There doesn’t appear to be any provision in it requiring lenders to offer any remedies at all to FC … it only requires them to ask their delinquent borrower questions to determine if they are eligible for a mod during the 30-day statutory “contact period” before a notice of default is filed.
This is assuming the left hand of the lender hasn’t already accepted an application for mod from the borrower and is attempting to process it.
Just like the employer who doesn’t want to hire a particular candidate for a job, a defaulted-upon lender can come up will all kinds of legally plausible reasons why their delinquent borrower is ineligible for a mod.
All it costs the lender is 30 more days added to the nonjudicial FC process (now extended 5 more years to 1/1/18).
Am I missing something here?
So, why again are these lenders still languishing and letting deadbeat home”owners” squat into oblivion in this supposedly “hot” market??
April 30, 2015 at 3:58 PM #785579thejardParticipantAh yes… my convoluted ramblings π
GF+prev-house–> Divorce, she gave up rights to the house. Full and clear from that as of Feb/2015… another reason we started house hunting π
FHA+luck+NW-Chula–> I agree NW Chula is very nice… I mean you get spill over from Broadway and some areas have a high concentration of apartments… but don’t need a/c! π
I also agree that we are a long shot… and to be honest, idk if I could really actually pull the trigger. Soooo much student loan debt, plus credit cards and all.
I feel I am a microcosm of the current issues facing first time home buyers…
Renting–>Normal Heights yes… lovely place, and super cheap. Still have to drive down to Chula to drop kid off and then head to Poway for work.

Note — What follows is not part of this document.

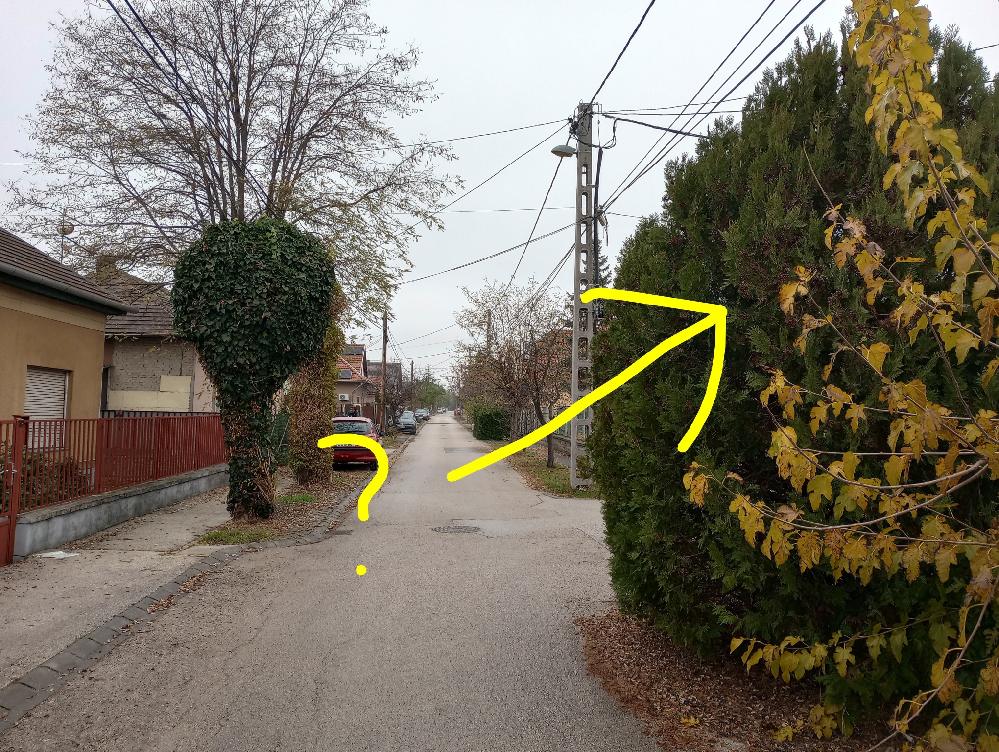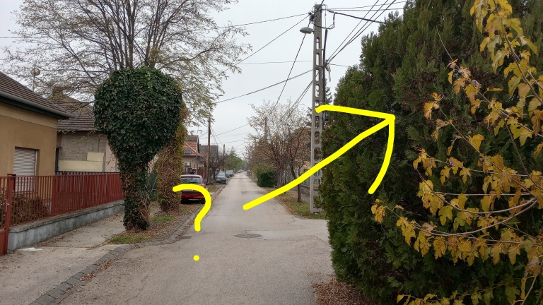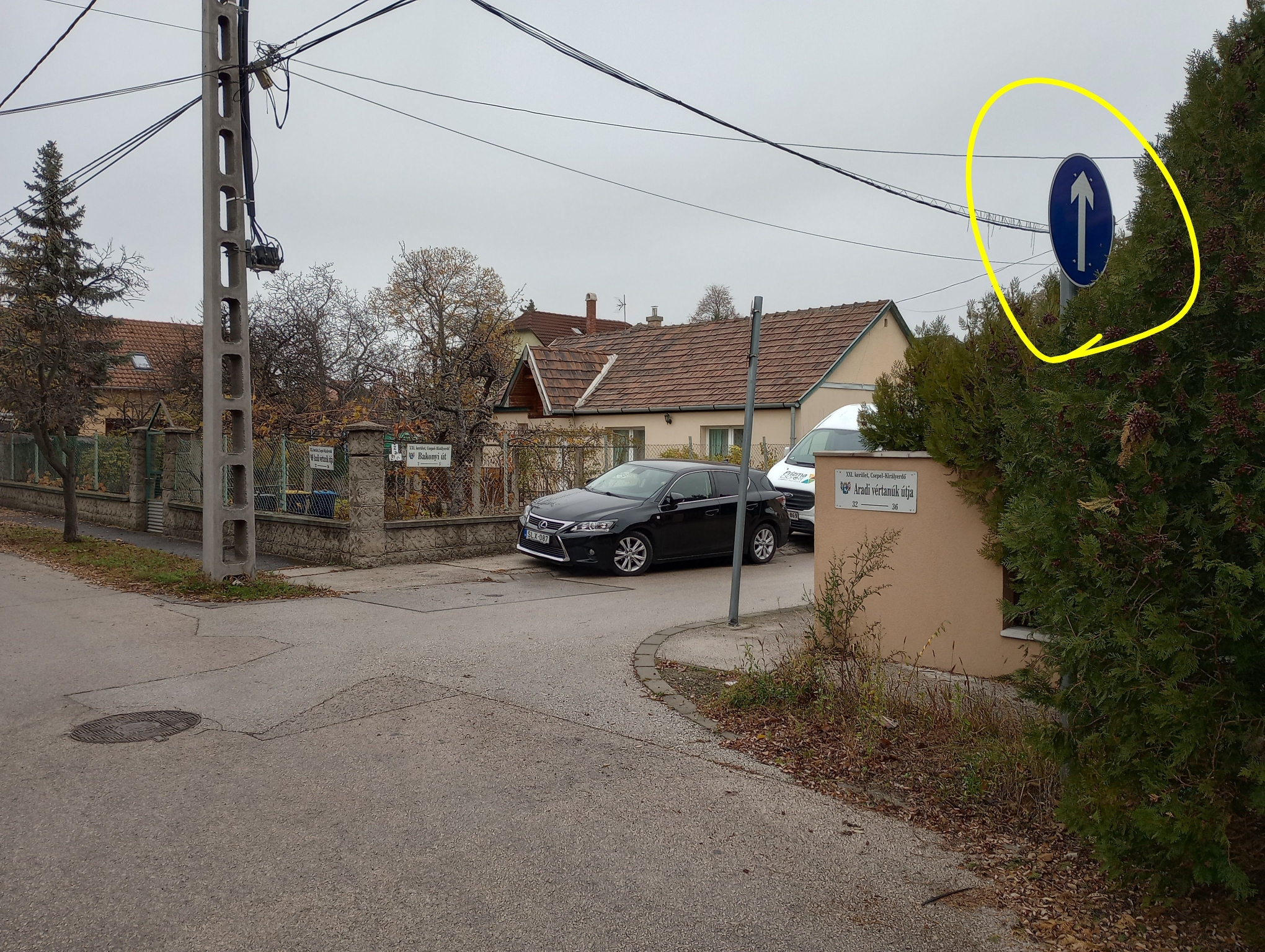 Csepelen az Aradi Vértanúk útja és a Bakonyi utca kereszteződésében lévő kötelező haladási irány táblát teljesen eltakarja az út menti bokor. Valójában még a járdán is elég bajos közlekedni azon a szakaszon (ez az utolsó képen látható). A tábla rejtettsége miatt az elsőbbségadási helyzet is kevésbé egyértelmű, volt is már itt emiatt baleset.

Thanks for the response and insight. Condos… yeah, they scare me. Like an APT I can’t bounce from if I don’t like. East Chula… meh, all HOA crap. I’m a bit of a hick so if I’s buy’s land ain’t nobody gun tell me what ta do… ‘cept maybe law dawg
She says she just wants a house… so, maybe we look elsewhere in South Bay. Lemon Grove? Nasty City… omg La Presa is fugly, like TJ hills… S Bay Terrace is like condo land… #1 gentrifying area 92113… encanto, are there pockets of nice?
Friend says to move up to Menifee… but wow @taxes and meloroo and hoa and 15 PARKING LOT SHOOT SELF
more ramblings π
April 30, 2015 at 10:00 PM #785585utcsoxParticipant[quote=livinincali]Rental market in San Diego is starting to slow down for sure. I can tell you based on a bunch of data that the rental vacancy rates have been rising for the past 6-9 months and in most markets the rate of increasing prices has started to level off although it is still going up a bit. I’d expect us to plateau around these levels for a bit, and then who knows what happens after that. If we get a recession we probably see prices move down if we get real wage inflation then perhaps prices move up.[/quote]
Mind if you share with us some data point?